## [Exercise instructions]
Two lines mark the range in the entries below: the one holding "ドライバジルと、クリームチー" and the one holding "美少女戦士セーラームーン グッズ 天王". Set down those two and all lines between them, exactly.

(Records from a collection)
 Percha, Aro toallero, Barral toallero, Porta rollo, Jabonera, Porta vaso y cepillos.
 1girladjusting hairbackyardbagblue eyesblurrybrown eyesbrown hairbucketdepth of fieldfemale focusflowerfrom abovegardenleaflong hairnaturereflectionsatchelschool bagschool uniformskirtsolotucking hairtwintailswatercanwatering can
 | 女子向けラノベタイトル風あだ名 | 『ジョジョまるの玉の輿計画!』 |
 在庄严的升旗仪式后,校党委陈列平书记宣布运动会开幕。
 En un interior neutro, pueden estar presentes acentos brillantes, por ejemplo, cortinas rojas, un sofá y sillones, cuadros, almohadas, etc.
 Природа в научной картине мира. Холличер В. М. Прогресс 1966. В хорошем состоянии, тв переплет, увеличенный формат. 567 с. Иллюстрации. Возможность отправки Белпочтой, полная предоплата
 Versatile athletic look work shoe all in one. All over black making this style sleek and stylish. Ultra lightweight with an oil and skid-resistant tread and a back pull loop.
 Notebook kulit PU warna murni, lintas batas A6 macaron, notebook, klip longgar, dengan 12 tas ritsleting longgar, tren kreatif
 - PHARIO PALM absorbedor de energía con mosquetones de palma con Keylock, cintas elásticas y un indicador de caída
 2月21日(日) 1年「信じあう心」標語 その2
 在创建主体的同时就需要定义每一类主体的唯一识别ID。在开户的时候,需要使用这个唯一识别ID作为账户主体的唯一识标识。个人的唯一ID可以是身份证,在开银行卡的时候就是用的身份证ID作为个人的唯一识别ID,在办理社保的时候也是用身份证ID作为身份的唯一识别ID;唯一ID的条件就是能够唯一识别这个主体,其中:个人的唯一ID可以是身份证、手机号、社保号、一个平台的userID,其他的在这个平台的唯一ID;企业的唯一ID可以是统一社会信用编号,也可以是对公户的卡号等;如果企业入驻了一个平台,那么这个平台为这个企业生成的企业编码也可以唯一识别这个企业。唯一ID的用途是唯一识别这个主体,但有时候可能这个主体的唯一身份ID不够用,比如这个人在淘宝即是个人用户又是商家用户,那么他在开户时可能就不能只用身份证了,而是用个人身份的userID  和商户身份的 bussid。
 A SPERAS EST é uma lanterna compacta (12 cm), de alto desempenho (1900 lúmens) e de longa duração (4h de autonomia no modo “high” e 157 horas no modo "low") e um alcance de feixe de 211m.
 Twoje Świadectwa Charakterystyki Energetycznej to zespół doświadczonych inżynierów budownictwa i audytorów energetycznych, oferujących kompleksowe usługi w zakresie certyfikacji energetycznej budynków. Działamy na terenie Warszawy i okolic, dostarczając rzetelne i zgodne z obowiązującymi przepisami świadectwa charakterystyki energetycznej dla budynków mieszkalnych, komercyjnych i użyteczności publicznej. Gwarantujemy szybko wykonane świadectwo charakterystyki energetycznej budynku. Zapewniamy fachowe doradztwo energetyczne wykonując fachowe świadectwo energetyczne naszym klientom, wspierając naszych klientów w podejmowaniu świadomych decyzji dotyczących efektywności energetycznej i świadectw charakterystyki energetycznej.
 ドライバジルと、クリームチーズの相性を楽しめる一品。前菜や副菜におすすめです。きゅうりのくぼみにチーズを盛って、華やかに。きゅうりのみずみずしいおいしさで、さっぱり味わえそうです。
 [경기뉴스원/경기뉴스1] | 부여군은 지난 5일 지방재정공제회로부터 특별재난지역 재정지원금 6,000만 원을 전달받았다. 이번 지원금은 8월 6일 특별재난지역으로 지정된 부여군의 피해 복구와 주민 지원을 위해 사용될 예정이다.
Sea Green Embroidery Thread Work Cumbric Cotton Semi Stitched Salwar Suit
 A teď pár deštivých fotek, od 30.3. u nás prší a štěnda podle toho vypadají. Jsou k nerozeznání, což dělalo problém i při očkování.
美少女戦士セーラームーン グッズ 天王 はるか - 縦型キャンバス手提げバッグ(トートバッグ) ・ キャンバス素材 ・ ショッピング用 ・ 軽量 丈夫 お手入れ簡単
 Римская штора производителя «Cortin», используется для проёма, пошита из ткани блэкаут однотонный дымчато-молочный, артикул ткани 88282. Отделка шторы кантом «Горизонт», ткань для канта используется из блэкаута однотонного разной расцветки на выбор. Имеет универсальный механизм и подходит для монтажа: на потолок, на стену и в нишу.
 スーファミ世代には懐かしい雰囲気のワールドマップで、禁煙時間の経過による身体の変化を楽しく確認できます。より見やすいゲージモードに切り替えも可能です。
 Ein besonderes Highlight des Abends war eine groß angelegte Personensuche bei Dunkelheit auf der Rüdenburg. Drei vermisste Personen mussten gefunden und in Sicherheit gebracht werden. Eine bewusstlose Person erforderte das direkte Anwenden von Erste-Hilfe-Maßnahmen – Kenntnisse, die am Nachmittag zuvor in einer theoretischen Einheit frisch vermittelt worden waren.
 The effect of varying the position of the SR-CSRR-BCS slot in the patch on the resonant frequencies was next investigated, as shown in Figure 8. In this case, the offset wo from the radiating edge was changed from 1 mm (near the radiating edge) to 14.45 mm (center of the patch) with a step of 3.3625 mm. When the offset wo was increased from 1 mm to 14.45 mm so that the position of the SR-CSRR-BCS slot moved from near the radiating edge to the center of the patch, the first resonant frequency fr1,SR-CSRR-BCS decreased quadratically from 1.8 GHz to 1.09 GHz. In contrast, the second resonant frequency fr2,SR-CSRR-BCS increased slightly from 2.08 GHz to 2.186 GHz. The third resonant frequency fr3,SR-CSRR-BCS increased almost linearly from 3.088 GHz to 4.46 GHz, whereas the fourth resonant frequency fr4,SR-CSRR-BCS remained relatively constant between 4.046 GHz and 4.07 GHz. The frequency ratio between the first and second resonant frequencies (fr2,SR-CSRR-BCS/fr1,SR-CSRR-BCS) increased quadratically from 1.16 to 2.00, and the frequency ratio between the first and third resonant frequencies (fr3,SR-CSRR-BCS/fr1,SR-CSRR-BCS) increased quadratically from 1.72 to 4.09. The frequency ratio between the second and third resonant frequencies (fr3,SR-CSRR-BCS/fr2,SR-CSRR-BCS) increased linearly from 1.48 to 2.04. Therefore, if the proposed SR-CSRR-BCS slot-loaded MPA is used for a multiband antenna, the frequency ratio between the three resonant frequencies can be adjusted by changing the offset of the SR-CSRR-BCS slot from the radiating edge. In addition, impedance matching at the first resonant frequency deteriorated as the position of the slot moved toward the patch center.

## [Exercise output]
 ドライバジルと、クリームチーズの相性を楽しめる一品。前菜や副菜におすすめです。きゅうりのくぼみにチーズを盛って、華やかに。きゅうりのみずみずしいおいしさで、さっぱり味わえそうです。
 [경기뉴스원/경기뉴스1] | 부여군은 지난 5일 지방재정공제회로부터 특별재난지역 재정지원금 6,000만 원을 전달받았다. 이번 지원금은 8월 6일 특별재난지역으로 지정된 부여군의 피해 복구와 주민 지원을 위해 사용될 예정이다.
Sea Green Embroidery Thread Work Cumbric Cotton Semi Stitched Salwar Suit
 A teď pár deštivých fotek, od 30.3. u nás prší a štěnda podle toho vypadají. Jsou k nerozeznání, což dělalo problém i při očkování.
美少女戦士セーラームーン グッズ 天王 はるか - 縦型キャンバス手提げバッグ(トートバッグ) ・ キャンバス素材 ・ ショッピング用 ・ 軽量 丈夫 お手入れ簡単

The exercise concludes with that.